## EXERCISE OBJECTIVE
Every record must be given again word for word; no picture belongs in the copy.
=== PROVIDED DATA ===
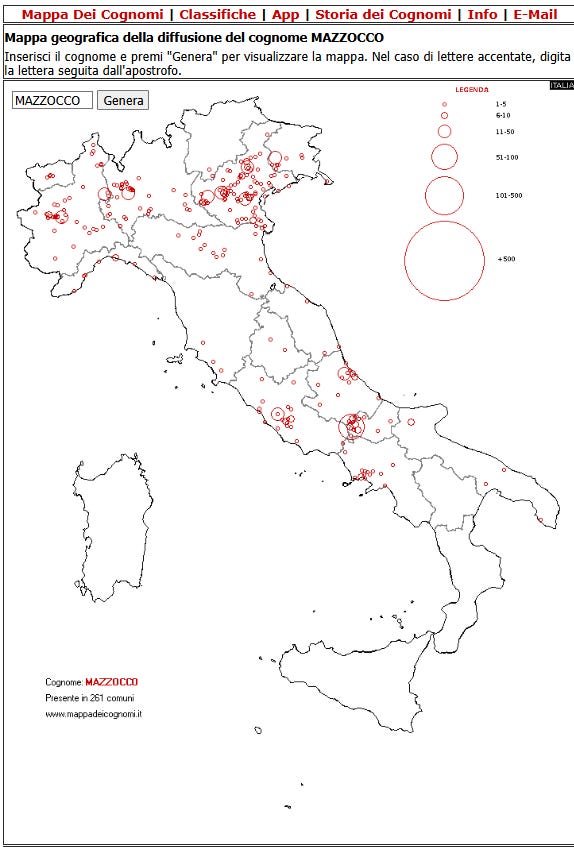 Translation: Surnames derived from “mazza” are for the most part nicknames or occupational names.
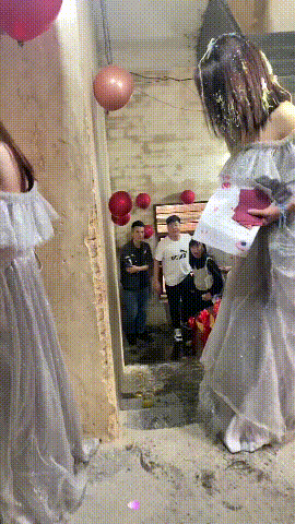 新娘家是还未装修的自建楼房,新娘住在二楼,因此新郎一行人需要从一楼穿过楼梯来到二楼。
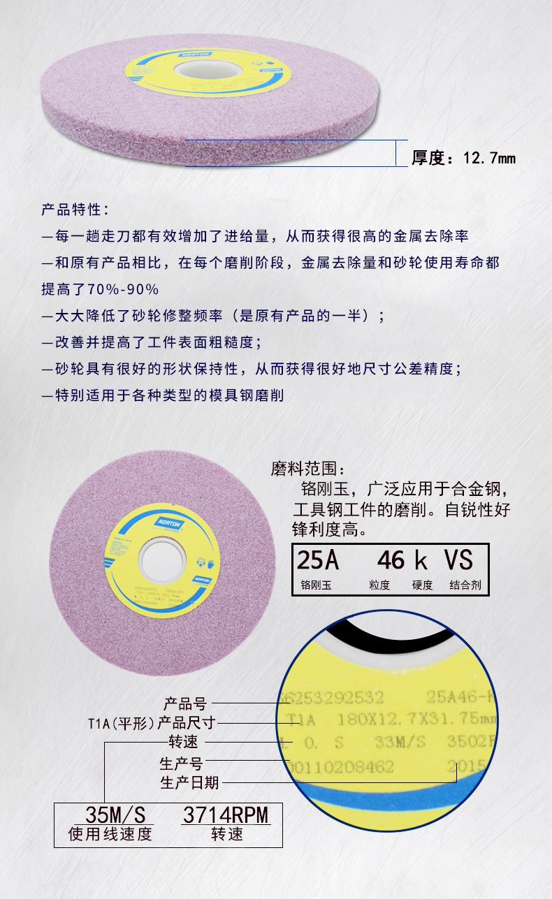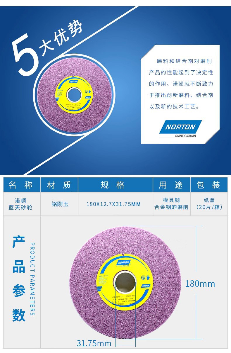 诺顿 砂轮 66253296174 铬钢玉 180.00 x12.70x31.75mm 1个
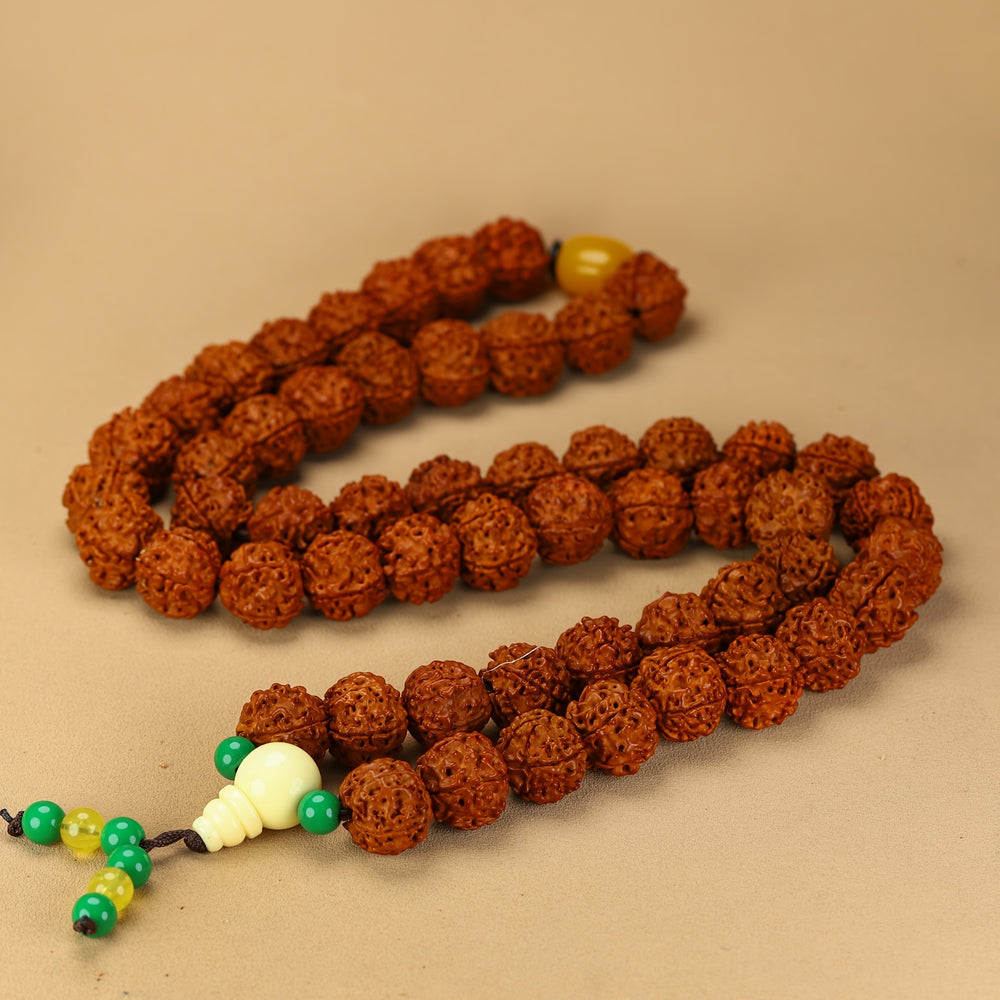 This necklace features authentic Rudraksha beads (approx. 15.1 mm each), complemented by jade-green and ivory-toned accent beads. Traditionally revered in Hindu and Buddhist practice, Rudraksha beads are believed to enhance spiritual protection, inner peace, and meditative focus. The necklace is both a statement of natural beauty and a powerful energy talisman for daily life.
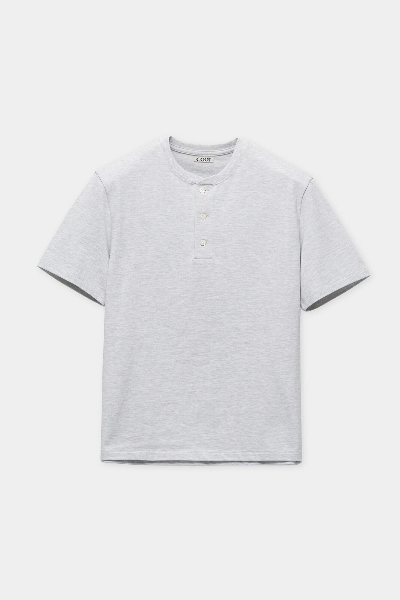 [COOR] Regular Fit Henley T-Shirt (Melange Grey)
===
## EXPECTED ANSWER
 Translation: Surnames derived from “mazza” are for the most part nicknames or occupational names.
 新娘家是还未装修的自建楼房,新娘住在二楼,因此新郎一行人需要从一楼穿过楼梯来到二楼。
 诺顿 砂轮 66253296174 铬钢玉 180.00 x12.70x31.75mm 1个
 This necklace features authentic Rudraksha beads (approx. 15.1 mm each), complemented by jade-green and ivory-toned accent beads. Traditionally revered in Hindu and Buddhist practice, Rudraksha beads are believed to enhance spiritual protection, inner peace, and meditative focus. The necklace is both a statement of natural beauty and a powerful energy talisman for daily life.
 [COOR] Regular Fit Henley T-Shirt (Melange Grey)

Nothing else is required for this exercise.